K×1000 can be a square but only if k is multiple of 10 so it will have 4 zeroes at the end not 3

Looked at it, saw a number ended with 25 and guessed that was the answer. Skipped to the end and got it correct. That's what I'd have done in the exam and saved tb time for a question I knew how to solve as I'd have just wasted time on this one but I'm happy my first impulsive choice was correct.

In your head: A: 625m is the closest square that is smaller. ->25k + x is the number B: (25k+x)^2 =25k^2 +2×25k×x+x^2 / 2×25k×x = 649m-625m= 24m / 24m÷50k=480 C: last 2 digets are 25-> sqr is 5 ->> 25k+480+5= 25485

There is a long division method for doing square roots by hand. I learnt it in 1978, before calculators were cheap! Basically start at the big end and look at two digits at a time. Subtract the largest square , noting the digit. Bring down the next two digits. Need to know all the squares of two digit numbers upto 43.

Square Root of A is 9999.99995 Square Root of B is 11105.55415 Square Root of C is "25485" Square Root of D is 31426.96295

Also, as I mentioned in 黑筆紅筆 , one can use "long division" to calculate square roots (search "square root by long division").
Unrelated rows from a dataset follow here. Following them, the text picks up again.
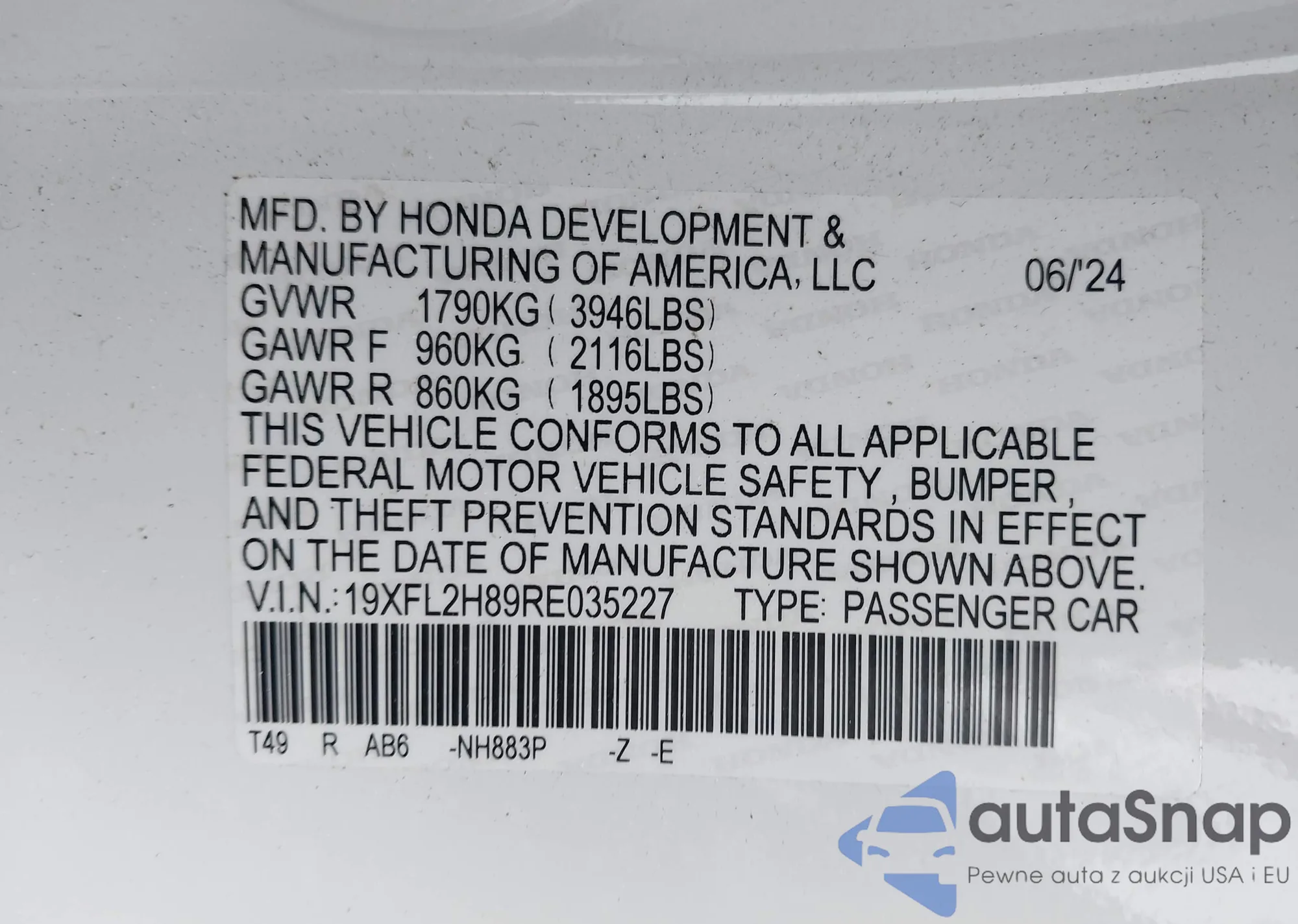 • VIN 19XFL2H89RE035227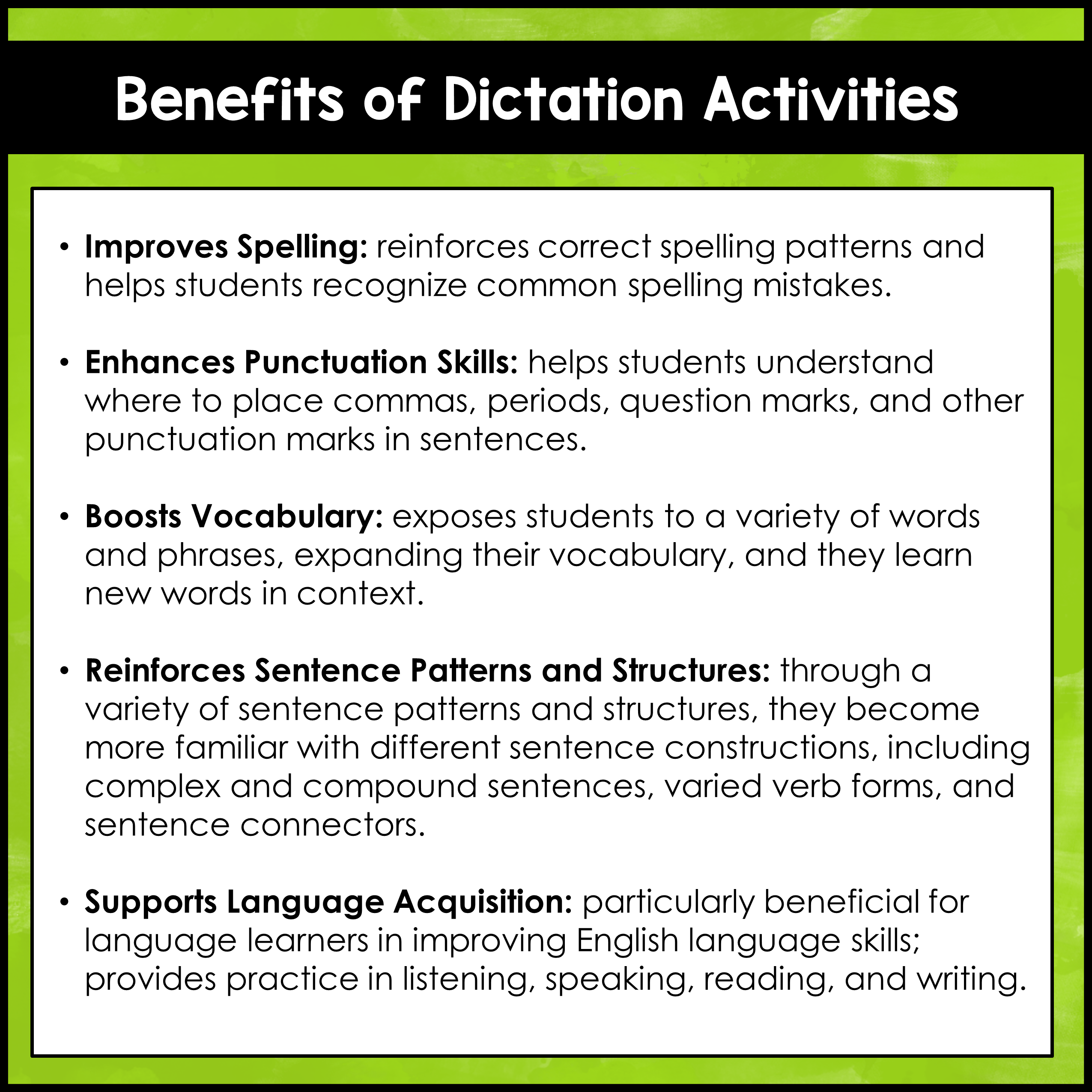 These dictation activities will give students TONS of practice with: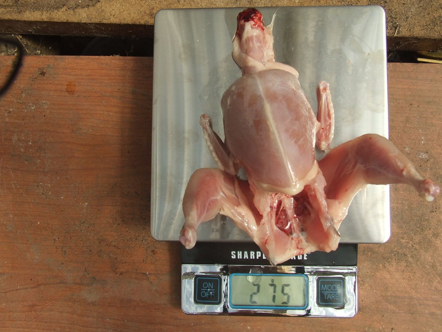 I have been checking back on this thread often. I didn't do any sort of reliable weighing of my first set of jumbos (from ebay). Second set (different ebay source) are averaging 55g at 13 days. First set was selected for size so I'll be hatching out F1s from them in a week. The largest were weighing in around 11oz in the 3 month range.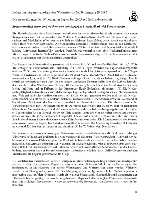 Die Auswirkung der Witterung im September 2005 auf die Landwirtschaft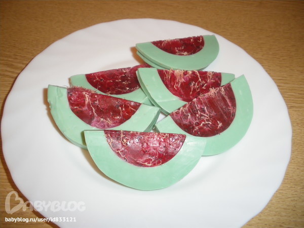 Поздравляю с почином:) добро пожаловать в мыловары:)!!! Арбузик и сырок очень нравятся:)

I commented again, so that English audience can also learn this technique.

Regarding C, for any number that ends in 5, its square will be of the format 100x(x+1)+25, where x is the digits before the trailing 5. For example, take 225². 22•23 = 506, so 225² will be 50625. Don't know any trick on how to then get the square root from the final square, though, short of using the usual square root estimation methods on the digits before the 25 to get close enough to tell from that final digit (which will be either 0, 2, or 6).

Much longer method, you could do a prime factorization of each number, if the powers of all the prime factors are even, then the number is a square number. For example: 7056 has prime factors of 2x2x2x2x3x3x7x7, which can be written as 2^4 x 3^2 x 7^2. all of the prime factors are in powers which are multiples of 2. 7056 is 84^2

It takes time but you can definitely find the square root of c without calculators by factoring the number. Knowing it’s a perfect square, you know all factoring prime numbers must be in pairs. So instead of 5, just divide it by 25. Then with other tricks, I.e. using the last digit + even #s are divisible by 2 (therefore 4) + if sum of all digits is divisible by 3 then the # is divisible by 3 (in this case 9) and so on until you have all the factoring primes. Then just separate the group and multiply all the primes of half of the pair together.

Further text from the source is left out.